Data excerpts
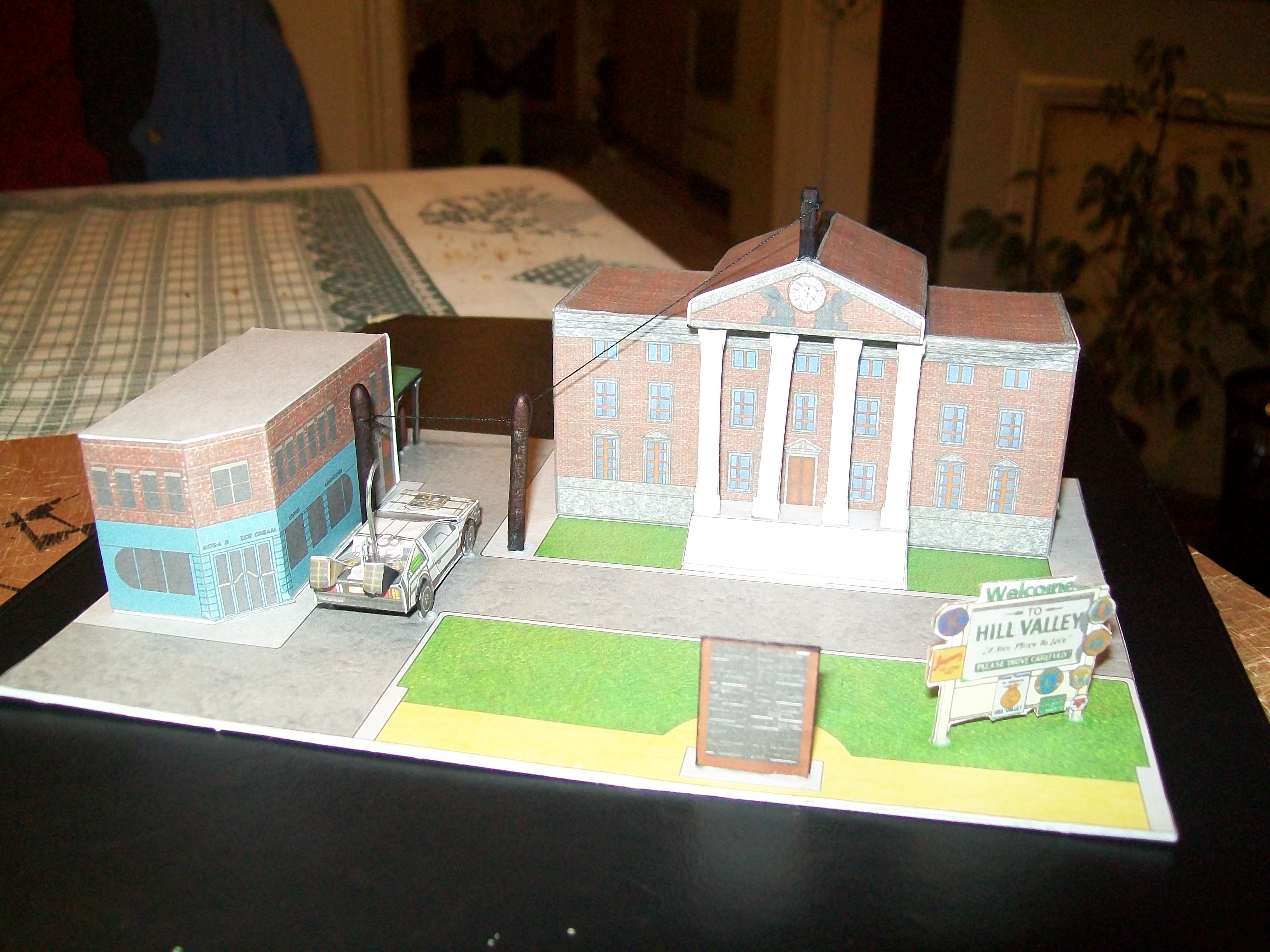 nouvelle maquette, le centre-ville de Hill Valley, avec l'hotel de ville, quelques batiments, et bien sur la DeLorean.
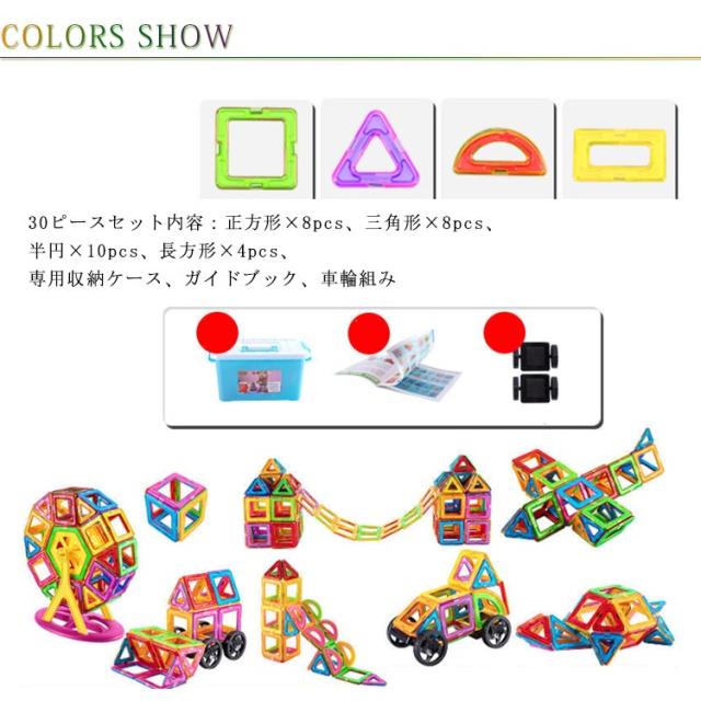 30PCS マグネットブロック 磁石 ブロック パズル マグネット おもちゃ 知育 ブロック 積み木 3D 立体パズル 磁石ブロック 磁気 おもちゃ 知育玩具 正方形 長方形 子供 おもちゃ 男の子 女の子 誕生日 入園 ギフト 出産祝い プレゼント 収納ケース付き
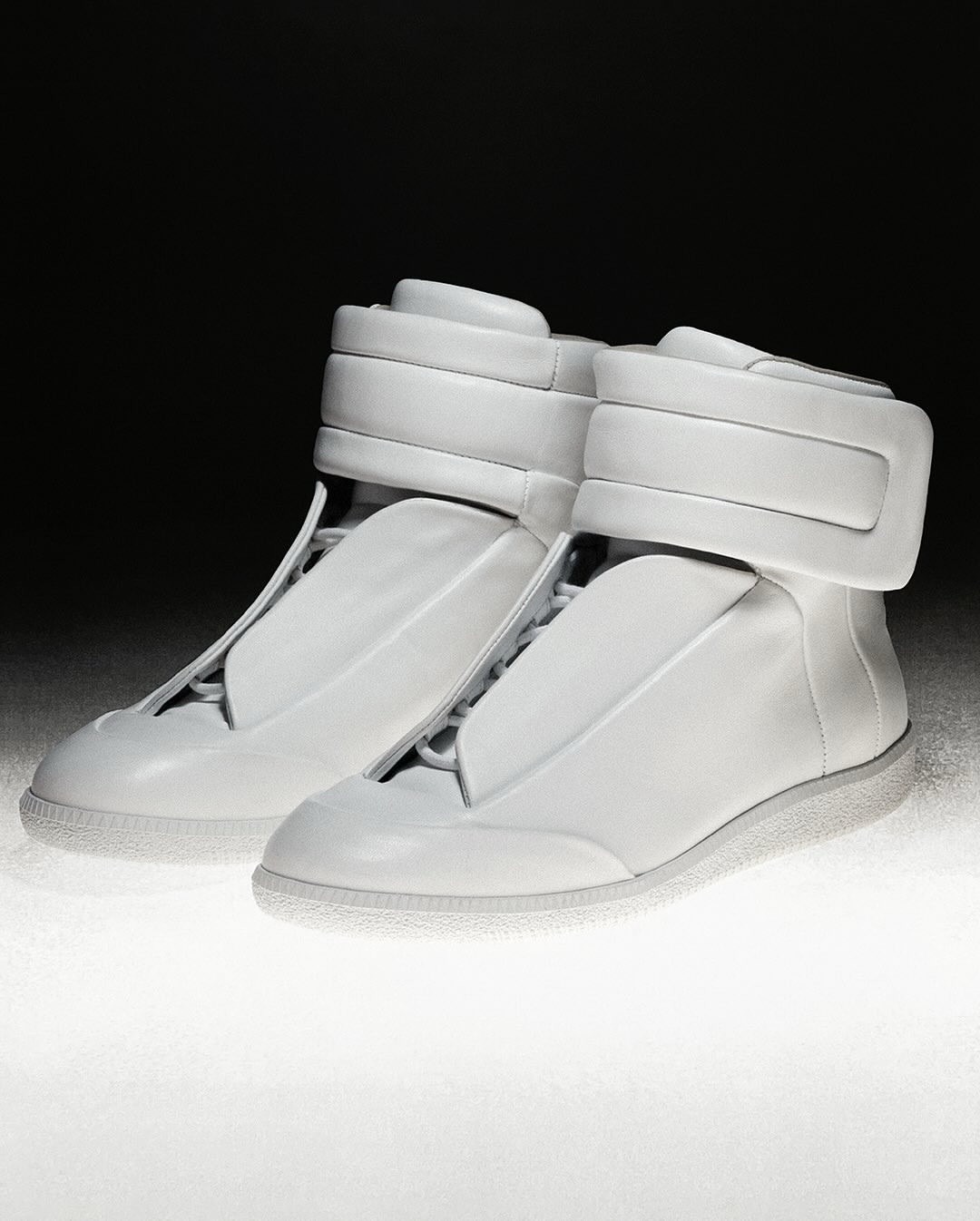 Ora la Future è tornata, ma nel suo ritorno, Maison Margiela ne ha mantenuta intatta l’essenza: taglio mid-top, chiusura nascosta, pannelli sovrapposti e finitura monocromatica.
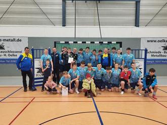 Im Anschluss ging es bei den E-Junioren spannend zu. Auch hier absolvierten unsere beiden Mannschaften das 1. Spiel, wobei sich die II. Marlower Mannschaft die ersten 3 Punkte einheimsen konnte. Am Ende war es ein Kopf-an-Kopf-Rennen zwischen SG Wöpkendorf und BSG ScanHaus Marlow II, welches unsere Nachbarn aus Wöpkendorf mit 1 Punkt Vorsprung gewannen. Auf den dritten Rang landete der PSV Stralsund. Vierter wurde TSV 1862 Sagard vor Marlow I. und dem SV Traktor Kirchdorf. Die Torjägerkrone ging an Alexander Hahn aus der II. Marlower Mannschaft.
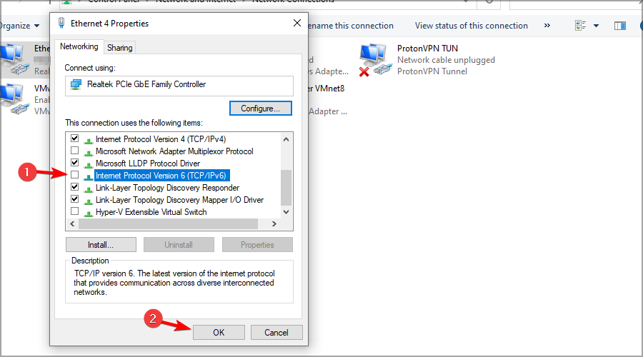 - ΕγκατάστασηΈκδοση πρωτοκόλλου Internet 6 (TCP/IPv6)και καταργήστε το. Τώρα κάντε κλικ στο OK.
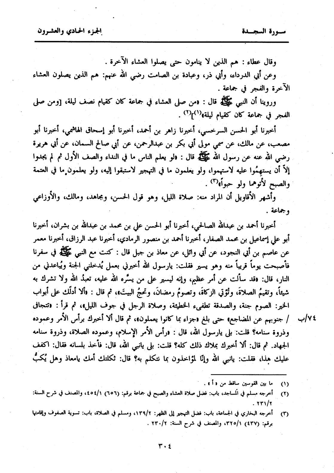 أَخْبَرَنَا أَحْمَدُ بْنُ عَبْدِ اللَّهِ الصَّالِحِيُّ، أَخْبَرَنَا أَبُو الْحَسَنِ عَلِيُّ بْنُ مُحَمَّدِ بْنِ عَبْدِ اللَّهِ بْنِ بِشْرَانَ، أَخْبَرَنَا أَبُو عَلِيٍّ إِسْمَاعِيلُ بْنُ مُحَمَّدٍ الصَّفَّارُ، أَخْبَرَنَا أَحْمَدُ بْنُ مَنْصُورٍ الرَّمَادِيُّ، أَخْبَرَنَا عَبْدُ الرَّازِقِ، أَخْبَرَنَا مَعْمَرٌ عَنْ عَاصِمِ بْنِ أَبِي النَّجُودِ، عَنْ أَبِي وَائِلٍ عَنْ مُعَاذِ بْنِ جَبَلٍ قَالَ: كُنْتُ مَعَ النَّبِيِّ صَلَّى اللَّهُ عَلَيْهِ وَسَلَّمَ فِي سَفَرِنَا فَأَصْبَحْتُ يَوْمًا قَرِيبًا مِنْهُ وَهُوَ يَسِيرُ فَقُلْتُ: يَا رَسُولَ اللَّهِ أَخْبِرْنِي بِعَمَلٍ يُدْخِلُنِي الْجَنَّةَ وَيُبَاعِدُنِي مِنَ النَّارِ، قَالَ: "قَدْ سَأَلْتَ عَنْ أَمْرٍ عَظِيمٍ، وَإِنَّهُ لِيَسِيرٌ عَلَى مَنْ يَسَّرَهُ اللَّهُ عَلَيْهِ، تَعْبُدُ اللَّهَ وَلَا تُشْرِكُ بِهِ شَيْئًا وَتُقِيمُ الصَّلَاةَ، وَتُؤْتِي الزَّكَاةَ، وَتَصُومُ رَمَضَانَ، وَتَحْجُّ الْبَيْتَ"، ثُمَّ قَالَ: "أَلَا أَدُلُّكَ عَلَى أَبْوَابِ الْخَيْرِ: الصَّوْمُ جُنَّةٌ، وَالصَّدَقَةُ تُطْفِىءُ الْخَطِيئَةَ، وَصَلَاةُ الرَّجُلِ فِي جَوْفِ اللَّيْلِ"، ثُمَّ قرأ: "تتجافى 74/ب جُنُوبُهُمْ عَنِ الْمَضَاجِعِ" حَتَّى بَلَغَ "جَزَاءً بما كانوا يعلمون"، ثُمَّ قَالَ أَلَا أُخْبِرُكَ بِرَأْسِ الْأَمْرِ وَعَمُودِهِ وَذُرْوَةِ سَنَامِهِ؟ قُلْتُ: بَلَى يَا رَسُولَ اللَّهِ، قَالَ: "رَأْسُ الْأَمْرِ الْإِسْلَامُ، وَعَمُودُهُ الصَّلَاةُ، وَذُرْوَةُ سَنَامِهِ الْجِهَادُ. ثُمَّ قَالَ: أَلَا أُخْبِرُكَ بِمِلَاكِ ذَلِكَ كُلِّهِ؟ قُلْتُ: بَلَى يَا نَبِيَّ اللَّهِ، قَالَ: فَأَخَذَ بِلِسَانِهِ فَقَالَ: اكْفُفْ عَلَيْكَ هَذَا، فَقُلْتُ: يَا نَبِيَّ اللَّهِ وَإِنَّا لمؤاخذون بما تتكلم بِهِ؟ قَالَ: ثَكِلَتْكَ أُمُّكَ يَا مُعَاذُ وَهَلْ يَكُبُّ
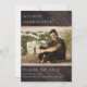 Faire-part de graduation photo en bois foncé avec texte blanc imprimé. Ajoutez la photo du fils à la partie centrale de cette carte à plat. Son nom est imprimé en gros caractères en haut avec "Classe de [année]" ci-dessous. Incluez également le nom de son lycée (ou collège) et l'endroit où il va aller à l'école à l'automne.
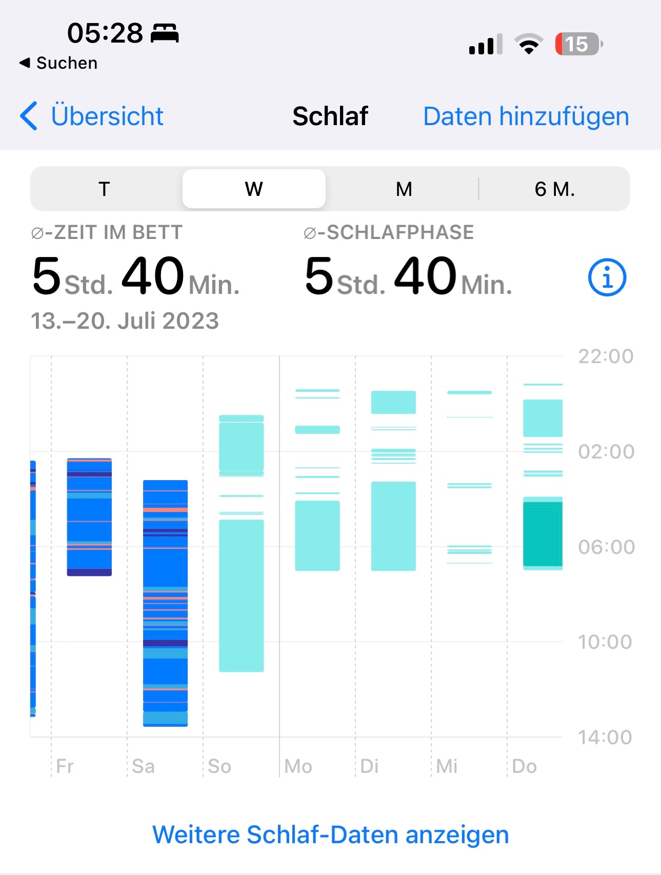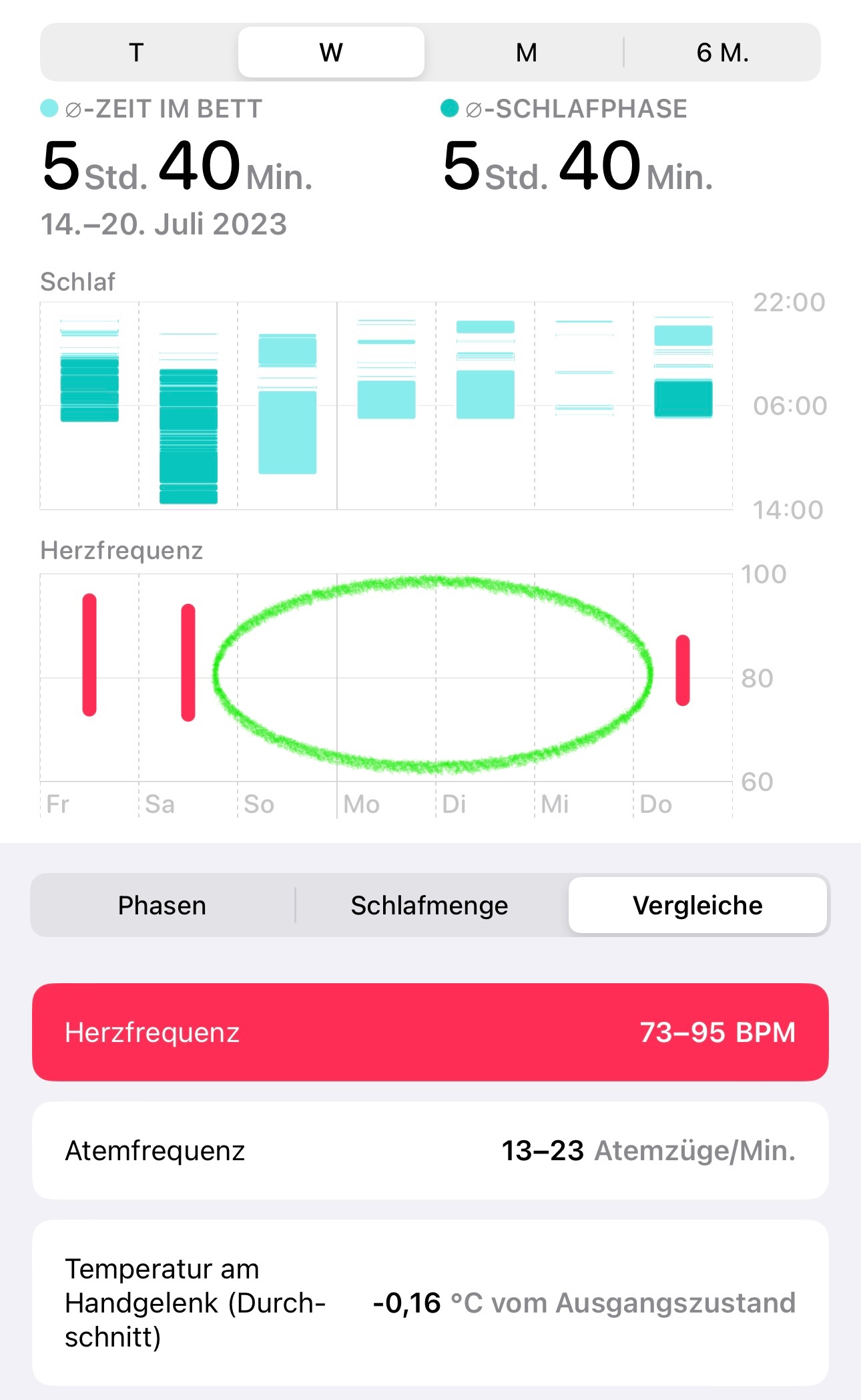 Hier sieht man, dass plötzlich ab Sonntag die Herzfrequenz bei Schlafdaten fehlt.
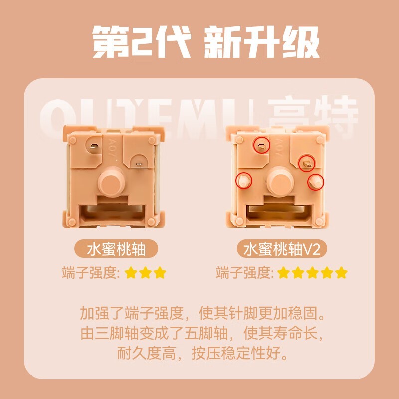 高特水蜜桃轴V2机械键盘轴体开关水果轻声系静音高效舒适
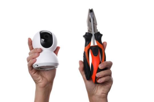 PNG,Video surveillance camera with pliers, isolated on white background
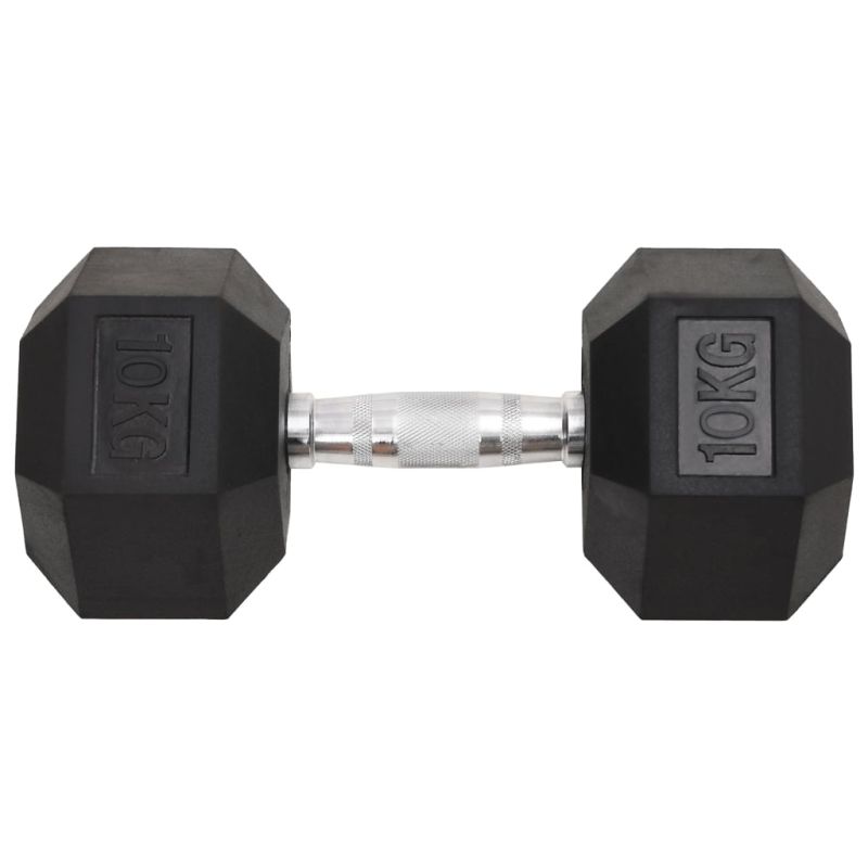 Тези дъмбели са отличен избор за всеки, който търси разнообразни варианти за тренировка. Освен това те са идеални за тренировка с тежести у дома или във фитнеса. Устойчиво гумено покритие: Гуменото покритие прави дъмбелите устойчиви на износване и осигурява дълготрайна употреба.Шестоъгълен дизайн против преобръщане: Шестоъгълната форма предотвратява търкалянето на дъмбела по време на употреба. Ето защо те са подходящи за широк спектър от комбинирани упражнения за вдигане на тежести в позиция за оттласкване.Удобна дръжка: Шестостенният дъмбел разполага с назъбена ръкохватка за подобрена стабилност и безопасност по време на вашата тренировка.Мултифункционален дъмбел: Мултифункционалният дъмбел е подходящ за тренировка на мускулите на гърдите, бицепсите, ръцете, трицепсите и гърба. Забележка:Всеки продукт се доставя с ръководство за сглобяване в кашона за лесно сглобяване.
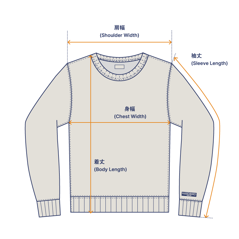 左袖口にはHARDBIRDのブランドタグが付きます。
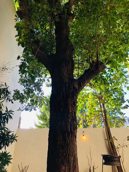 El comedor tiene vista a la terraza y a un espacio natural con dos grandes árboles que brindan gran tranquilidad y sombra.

Exercise requirements
Set the pictures aside and reproduce the data above exactly.

Result of this task
 nouvelle maquette, le centre-ville de Hill Valley, avec l'hotel de ville, quelques batiments, et bien sur la DeLorean.
 30PCS マグネットブロック 磁石 ブロック パズル マグネット おもちゃ 知育 ブロック 積み木 3D 立体パズル 磁石ブロック 磁気 おもちゃ 知育玩具 正方形 長方形 子供 おもちゃ 男の子 女の子 誕生日 入園 ギフト 出産祝い プレゼント 収納ケース付き
 Ora la Future è tornata, ma nel suo ritorno, Maison Margiela ne ha mantenuta intatta l’essenza: taglio mid-top, chiusura nascosta, pannelli sovrapposti e finitura monocromatica.
 Im Anschluss ging es bei den E-Junioren spannend zu. Auch hier absolvierten unsere beiden Mannschaften das 1. Spiel, wobei sich die II. Marlower Mannschaft die ersten 3 Punkte einheimsen konnte. Am Ende war es ein Kopf-an-Kopf-Rennen zwischen SG Wöpkendorf und BSG ScanHaus Marlow II, welches unsere Nachbarn aus Wöpkendorf mit 1 Punkt Vorsprung gewannen. Auf den dritten Rang landete der PSV Stralsund. Vierter wurde TSV 1862 Sagard vor Marlow I. und dem SV Traktor Kirchdorf. Die Torjägerkrone ging an Alexander Hahn aus der II. Marlower Mannschaft.
 - ΕγκατάστασηΈκδοση πρωτοκόλλου Internet 6 (TCP/IPv6)και καταργήστε το. Τώρα κάντε κλικ στο OK.
 أَخْبَرَنَا أَحْمَدُ بْنُ عَبْدِ اللَّهِ الصَّالِحِيُّ، أَخْبَرَنَا أَبُو الْحَسَنِ عَلِيُّ بْنُ مُحَمَّدِ بْنِ عَبْدِ اللَّهِ بْنِ بِشْرَانَ، أَخْبَرَنَا أَبُو عَلِيٍّ إِسْمَاعِيلُ بْنُ مُحَمَّدٍ الصَّفَّارُ، أَخْبَرَنَا أَحْمَدُ بْنُ مَنْصُورٍ الرَّمَادِيُّ، أَخْبَرَنَا عَبْدُ الرَّازِقِ، أَخْبَرَنَا مَعْمَرٌ عَنْ عَاصِمِ بْنِ أَبِي النَّجُودِ، عَنْ أَبِي وَائِلٍ عَنْ مُعَاذِ بْنِ جَبَلٍ قَالَ: كُنْتُ مَعَ النَّبِيِّ صَلَّى اللَّهُ عَلَيْهِ وَسَلَّمَ فِي سَفَرِنَا فَأَصْبَحْتُ يَوْمًا قَرِيبًا مِنْهُ وَهُوَ يَسِيرُ فَقُلْتُ: يَا رَسُولَ اللَّهِ أَخْبِرْنِي بِعَمَلٍ يُدْخِلُنِي الْجَنَّةَ وَيُبَاعِدُنِي مِنَ النَّارِ، قَالَ: "قَدْ سَأَلْتَ عَنْ أَمْرٍ عَظِيمٍ، وَإِنَّهُ لِيَسِيرٌ عَلَى مَنْ يَسَّرَهُ اللَّهُ عَلَيْهِ، تَعْبُدُ اللَّهَ وَلَا تُشْرِكُ بِهِ شَيْئًا وَتُقِيمُ الصَّلَاةَ، وَتُؤْتِي الزَّكَاةَ، وَتَصُومُ رَمَضَانَ، وَتَحْجُّ الْبَيْتَ"، ثُمَّ قَالَ: "أَلَا أَدُلُّكَ عَلَى أَبْوَابِ الْخَيْرِ: الصَّوْمُ جُنَّةٌ، وَالصَّدَقَةُ تُطْفِىءُ الْخَطِيئَةَ، وَصَلَاةُ الرَّجُلِ فِي جَوْفِ اللَّيْلِ"، ثُمَّ قرأ: "تتجافى 74/ب جُنُوبُهُمْ عَنِ الْمَضَاجِعِ" حَتَّى بَلَغَ "جَزَاءً بما كانوا يعلمون"، ثُمَّ قَالَ أَلَا أُخْبِرُكَ بِرَأْسِ الْأَمْرِ وَعَمُودِهِ وَذُرْوَةِ سَنَامِهِ؟ قُلْتُ: بَلَى يَا رَسُولَ اللَّهِ، قَالَ: "رَأْسُ الْأَمْرِ الْإِسْلَامُ، وَعَمُودُهُ الصَّلَاةُ، وَذُرْوَةُ سَنَامِهِ الْجِهَادُ. ثُمَّ قَالَ: أَلَا أُخْبِرُكَ بِمِلَاكِ ذَلِكَ كُلِّهِ؟ قُلْتُ: بَلَى يَا نَبِيَّ اللَّهِ، قَالَ: فَأَخَذَ بِلِسَانِهِ فَقَالَ: اكْفُفْ عَلَيْكَ هَذَا، فَقُلْتُ: يَا نَبِيَّ اللَّهِ وَإِنَّا لمؤاخذون بما تتكلم بِهِ؟ قَالَ: ثَكِلَتْكَ أُمُّكَ يَا مُعَاذُ وَهَلْ يَكُبُّ
 Faire-part de graduation photo en bois foncé avec texte blanc imprimé. Ajoutez la photo du fils à la partie centrale de cette carte à plat. Son nom est imprimé en gros caractères en haut avec "Classe de [année]" ci-dessous. Incluez également le nom de son lycée (ou collège) et l'endroit où il va aller à l'école à l'automne.
 Hier sieht man, dass plötzlich ab Sonntag die Herzfrequenz bei Schlafdaten fehlt.
 高特水蜜桃轴V2机械键盘轴体开关水果轻声系静音高效舒适
 PNG,Video surveillance camera with pliers, isolated on white background
 Тези дъмбели са отличен избор за всеки, който търси разнообразни варианти за тренировка. Освен това те са идеални за тренировка с тежести у дома или във фитнеса. Устойчиво гумено покритие: Гуменото покритие прави дъмбелите устойчиви на износване и осигурява дълготрайна употреба.Шестоъгълен дизайн против преобръщане: Шестоъгълната форма предотвратява търкалянето на дъмбела по време на употреба. Ето защо те са подходящи за широк спектър от комбинирани упражнения за вдигане на тежести в позиция за оттласкване.Удобна дръжка: Шестостенният дъмбел разполага с назъбена ръкохватка за подобрена стабилност и безопасност по време на вашата тренировка.Мултифункционален дъмбел: Мултифункционалният дъмбел е подходящ за тренировка на мускулите на гърдите, бицепсите, ръцете, трицепсите и гърба. Забележка:Всеки продукт се доставя с ръководство за сглобяване в кашона за лесно сглобяване.
 左袖口にはHARDBIRDのブランドタグが付きます。
 El comedor tiene vista a la terraza y a un espacio natural con dos grandes árboles que brindan gran tranquilidad y sombra.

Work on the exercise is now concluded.